Per determinare un numero adeguato di cicli di amplificazione PCR per amplificare la libreria Hi-C finale, le reazioni PCR sono state impostate utilizzando 2,5 μL di una data libreria su perle, come descritto nel protocollo. Il numero di cicli PCR per l'amplificazione finale è un ciclo in meno rispetto al numero di cicli per i quali lo striscio è visibile (Figura 2B). In questo caso sono stati scelti 4 cicli di amplificazione PCR. Come checkpoint di qualità finale, un'aliquota della libreria Hi-C è stata ri-amplificata e digerita con Cla I. Il livello di digestione della libreria (una diminuzione della dimensione dello striscio) indica l'abbondanza di coppie Hi-C valide e riflette la proporzione di letture utili che si otterranno dalla libreria (Figura 2C). Un rapporto tra l'intervallo di dimensioni superiori (determinato dalla dimensione presente nel campione UD) e l'intervallo di dimensioni inferiori in entrambi i campioni UD e D dovrebbe produrre un rapporto > 1 per l'UD e un rapporto ≤ 1 per il campione digerito se la digestione Cla I è efficiente.

Dopo la sequenziazione di fine accoppiata, i file FASTQ (Tabella 1) sono stati elaborati utilizzando HiCPro28 e le statistiche generate tracciate utilizzando MultiQC28. Uno strumento alternativo a HiCPro è la pipeline HiCUP30 che produce risultati simili (non mostrati).
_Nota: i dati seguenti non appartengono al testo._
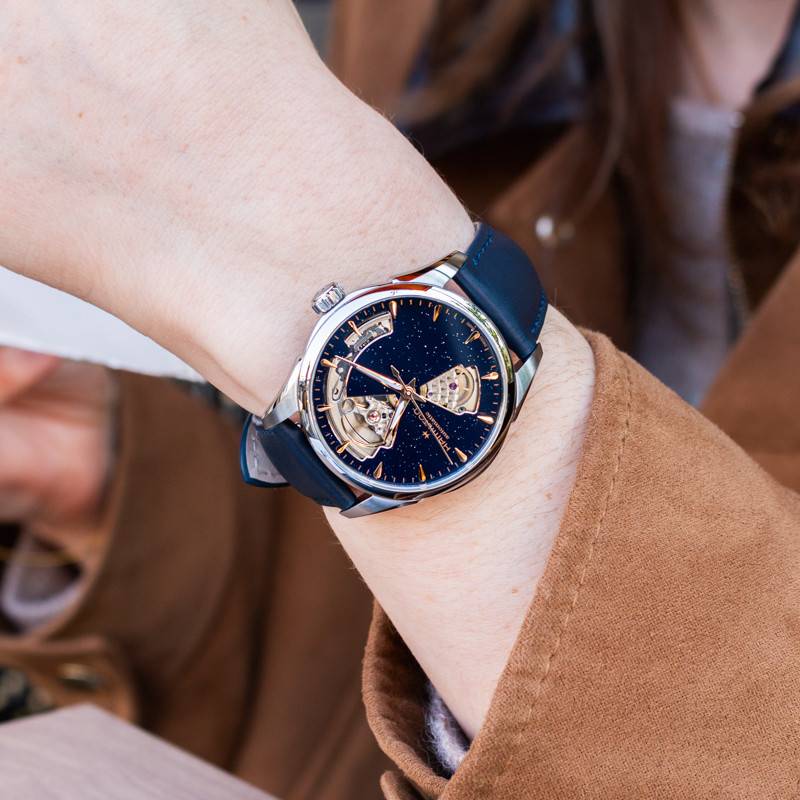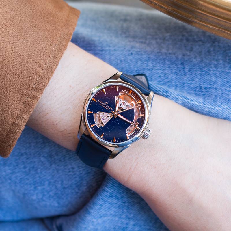Depuis sa création, Hamilton incarne l'esprit de l'innovation horlogère, alliant précision, design et performance. La marque s'est rapidement imposée comme une référence incontournable dans le milieu de l'horlogerie. Les garde-temps Hamilton se distinguent par leur robustesse, leur élégance intemporelle et leur capacité à traverser les époques avec style. Aujourd'hui, la maison vous présente la montre Jazzmaster Open Heart Auto 36mm H32215642, un modèle destiné aux poignets des femmes. Elle se pare d'un boîtier rond fabriqué en acier inoxydable brossé et poli, ce qui lui confère cette touche captivante. Ce dernier affiche 36 mm de diamètre pour une épaisseur de 10 mm. À 3 heures, il révèle une couronne grise garantissant la manipulation des aiguilles. Cette dernière est argentée et arbore la lettre H en relief rappelant le logo de la marque et une finition crantée qui facilite sa prise en main. À la surface, un verre saphir plat surmonte le cadran afin de le protéger des chocs éventuels et grâce à son traitement antireflet, il garantit une lisibilité sans gêne. Cette montre est fermée par un fond de boîte vissé assurant une étanchéité de 5 ATM. Ce dernier est gravé et se pare d'une ouverture transparente permettant d'apprécier les oscillations du mouvement.

La Figura 3 e la Tabella 2 mostrano le informazioni statistiche dettagliate delle letture sequenziate. Vengono riportati l'allineamento completo della lettura e l'allineamento dopo il taglio. Queste due categorie corrispondono a letture allineate con successo che verranno utilizzate nell'analisi successiva per trovare coppie Hi-C valide. La categoria alignment-after-trimming si riferisce alle letture che attraversano la giunzione di legatura, che non sono state allineate nel primo passaggio e vengono tagliate nel sito di legatura per poi riallineare la loro estremità di 5' al genoma28 (Figura 3B,C e Tabella 2). Le statistiche di contatto mostrano che la libreria Hi-C era di alta qualità con l'82,2% di coppie valide e il 7,6% di letture non utili che cadevano nello stesso autocerchio di frammenti, nelle estremità penzolanti dello stesso frammento, nella ri-legatura, nelle coppie filtrate e nelle categorie di coppie scaricate (Figura 3A, Figura 3De Tabella 2). Inoltre, il numero di duplicati PCR è molto basso, indicando che la complessità della libreria è elevata e che i cicli PCR hanno introdotto artefatti minimi (Figura 3E e Tabella 2).
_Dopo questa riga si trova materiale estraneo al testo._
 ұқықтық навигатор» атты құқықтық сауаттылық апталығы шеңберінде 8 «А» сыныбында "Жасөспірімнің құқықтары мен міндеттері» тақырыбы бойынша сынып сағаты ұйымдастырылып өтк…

Utilizzando le coppie Hi-C valide univoche, l'analisi di base della distribuzione delle coppie è stata eseguita utilizzando HiCPro27. Questo esperimento ha prodotto il 46,5% di contatti cis unici ≤ 20 kbp, il 47,1% di contatti cis unici > 20 kbp e il 5,8% di contatti trans unici (Figura 3D). La distribuzione di cis a coppie trans valide corrispondeva ai risultati attesi per un esperimento Hi-C di successo con la maggior parte delle interazioni rilevate all'interno dello stesso cromosoma. Un'alta percentuale di contatti trans indica una fissazione inefficiente. Utilizzando le coppie valide Hi-C di HiCPro27,le matrici sono state normalizzate mediante correzione iterativa e decomposizione dell'autovettore (ICE)30e sono state generate matrici di risoluzione da 1 kb e 5 kb utilizzando HiCPlotter30,31,32. Matrici di contatto normalizzate a risoluzione di 1 kb e 5 kb sono presentate per il locus del gene Notch in Drosophila (Figura 4A, Figura 4Ce Figura 4D). Nella Figura 4A, il locus del gene Notch può essere visto insieme agli AP, dominio l e II, così come le modifiche istoniche lungo il locus (Figura 4A e Tabella 1). Il design della delezione CRISPR-Cas9 ha coinvolto il motivo di CTCF e M1BP (Figura 4B).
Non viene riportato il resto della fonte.